Just as I think it can’t get any worse, as I inspect myself, dirt and blood coat my skin. So much blood. The ends of my hair, beneath my nails. It’s thick and dried in. Sobbing, I rub at it. “No. Please, no. It won’t come off!”

A hand touches my arm, and Callum crouches beside me. Our eyes meet, and I don’t know what, but something passes between us. An understanding that doesn’t make me feel so alone.

“Come on.” He unexpectedly lifts me off the floor again. His eyes avoid my body and he doesn’t touch me anywhere he shouldn’t. And I’m glad. I’d forgotten about my nakedness in the terror. Maybe I was wrong before about him giving me a short towel on purpose.

Taking me into the bathroom, he turns on the shower again. As he waits for the water to heat, I take in his side profile—straight nose, curved lips, and long, thick eyelashes.
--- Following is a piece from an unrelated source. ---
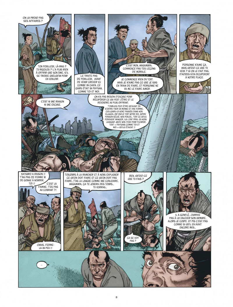 De Chauvel, je connais surtout les séries d’aventures, et particulièrement dans l’univers du polar. Ici, c’est dans un univers historique exotique, dans une sorte de Japon médiéval fantasmé (plus médiéval que fantastique pour le moment d’ailleurs !), qu’il développe son intrigue. Après un départ un peu lent et classique, nous accrochons le wagon des deux protagonistes qui vont nous guider dans l’histoire : Sadakio, qui vient de perdre son mari à la guerre, et Masamua, paysan pillard qui s’est joint à celle dont il est tombé amoureux (ce qui n’est pas réciproque – du moins pour le moment). C’est que la jeune femme doit partir chercher le masque aux mille larmes, capable de faire revenir son défunt mari. Les deux personnages – dont les liens, bourrus et contraints au départ, se resserrent, ne révèlent que peu à peu et en partie leur part d’ombre, dans une ambiance générale assez noire (dessin et colorisation rendent bien cet aspect). Concernant le dessin justement, je regrette juste les passages montrant de fortes émotions, ou lorsqu’ont lieu des combats, avec un trait influencé par le manga – style graphique que je n’apprécie pas. Histoire à suivre, surtout que le dénouement est promis dans le second tome (pour le coup, j’espère que Chauvel saura boucler l’intrigue sans raccourcis artificiels, car en l’état, il reste quand même pas mal de choses à éclaircir, en un tome…).
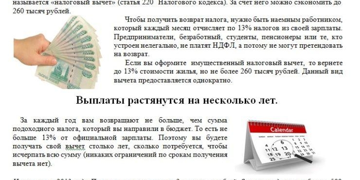 Сумма возврата составляет 13 процентов от суммы, которую физическое лицо потратило на покупку квартиры. Максимальная сумма возврата составляет два миллиона рублей. В соответствии с этим положением налогоплательщик может получить максимальный возврат в размере 260 000 рублей. Сумма налога, подлежащая возврату в соответствии с имущественным вычетом, не должна быть больше суммы налога на прибыль, уплаченной в год получения вычета. Именно поэтому, если налогоплательщик имеет право на возврат максимальной суммы, он ограничивается суммой налога, уплаченного в этом году. Но за налогоплательщиком сохраняется право на получение максимальной суммы вычета. Если в текущем году физическое лицо получило сумму вычета не полностью, то он будет выплачен в следующем году.

He appears as exhausted as I feel and oddly beautiful. I quickly drop my eyes. I’m clearly not thinking straight.

When the water is hot enough, he helps me in. Sitting on the floor of the tub, I squeeze my knees to my chest as he reaches to point the showerhead directly above me. Water hits my skin and I watch with turmoil as the stream beneath me runs crimson and then brown. It swirls around the drain and disappears, like the girl did from her life. Like I have.

Once again, a sob breaks free, and I can’t believe what I saw. What Father Aaron did changes everything. Will he do that to me? Am I next?

“Block it out.” I hear Callum in the background. Arching my head to the side, I watch him leave. Leaving me utterly confused and lifeless, with more questions than answers.